But aside from that, do all hacks have to be practical?
I don't know about BitBucket, but GitHub has suffered downtime before. If you have a second remote on Dropbox, you can also get to your files there and wherever it's automatically syncing them should your VCS go down.
Those services add:
- Access to GitLab Enterprise Edition (EE)
- Next-business day support
For a little more:
- 24/7 Emergency Support
- Live installation and configuration assistance
- Live upgrade assistance
- High Availability
- GitLab CI Support
An for a lot more:
- Prioritize features important to you
- Best practices training
- Dedicated Account Manager
It took them a long while to sort through the backlog, and its always increasing. My education plan was renewed just a few months before I graduated and I'd applied for it almost 8 months back, I think.
It seems from a quick read of the design document  that the important thing here is the updating of refs using a compare-and-swap, ensuring that the synchronisation issues that typically occur with using Dropbox as a remote cannot occur. Objects are always* safe from this since the file names are SHA1 hashes.
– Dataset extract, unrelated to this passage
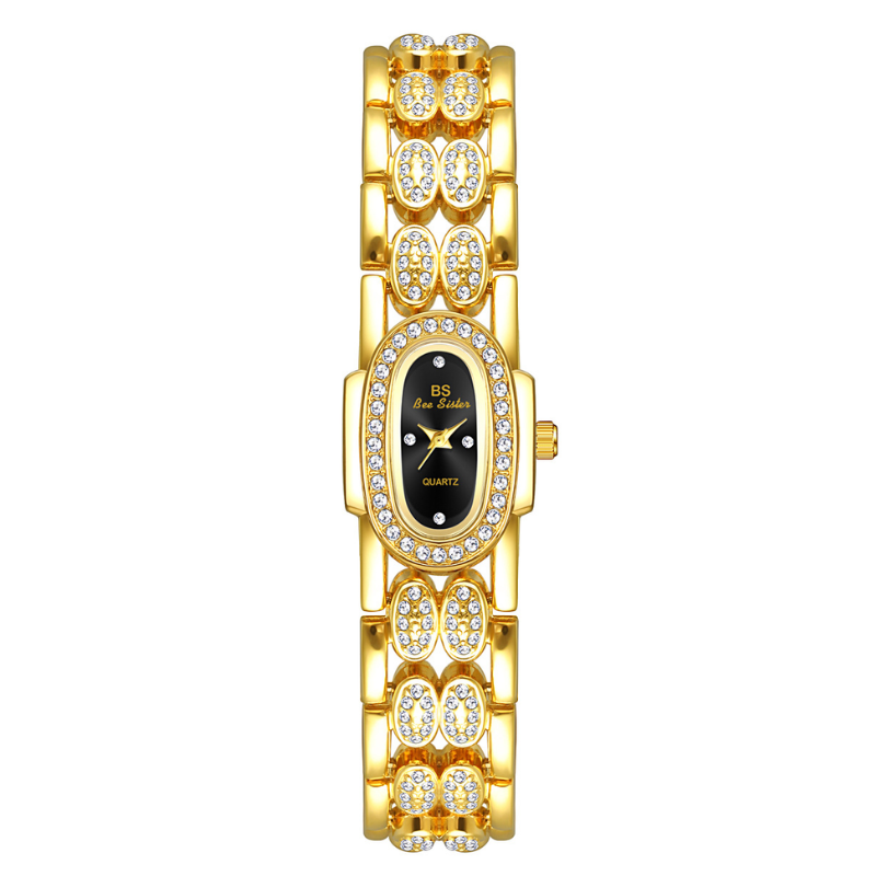 The Noir Éclat is a stunning fusion of jewelry and timekeeping. Designed with a vintage-inspired gold bangle bracelet, this women’s quartz watch features an elegant black mother-of-pearl oval dial that shimmers subtly under the light. Crystal accents add a touch of luxury, making it the perfect accessory for both evening elegance and daily sophistication.

Edit: The only downside I can see with this is that the remote will never have garbage collection take place, so unreachable objects will continue to take up space indefinitely.
I don't know a way of doing it client side that is concurrency-safe. Perhaps I'll write a separate script that will do remote GC, but will require that you manually ensure that nobody is modifying the repository concurrently.
The target use case is small personal and group projects.
With the current design, it won't scale that well to large repos with lots of history. The initial clone will take a while. However, individual fetches or pushes after that shouldn't take that long unless there is a ton that changes.
- Mobile apps: ability to browse/create super easily from your iPhone or whatever using any app that integrates with Dropbox
- Storage space: though not always written in stone, most git hosts expect code and prefer you keep your media, if its heavy, elsewhere. Users of git-annex, largefile, etc. benefit from this.
- Collaboration: lots of people use Dropbox, not all of them need to use git (or at least, not all the time). See above.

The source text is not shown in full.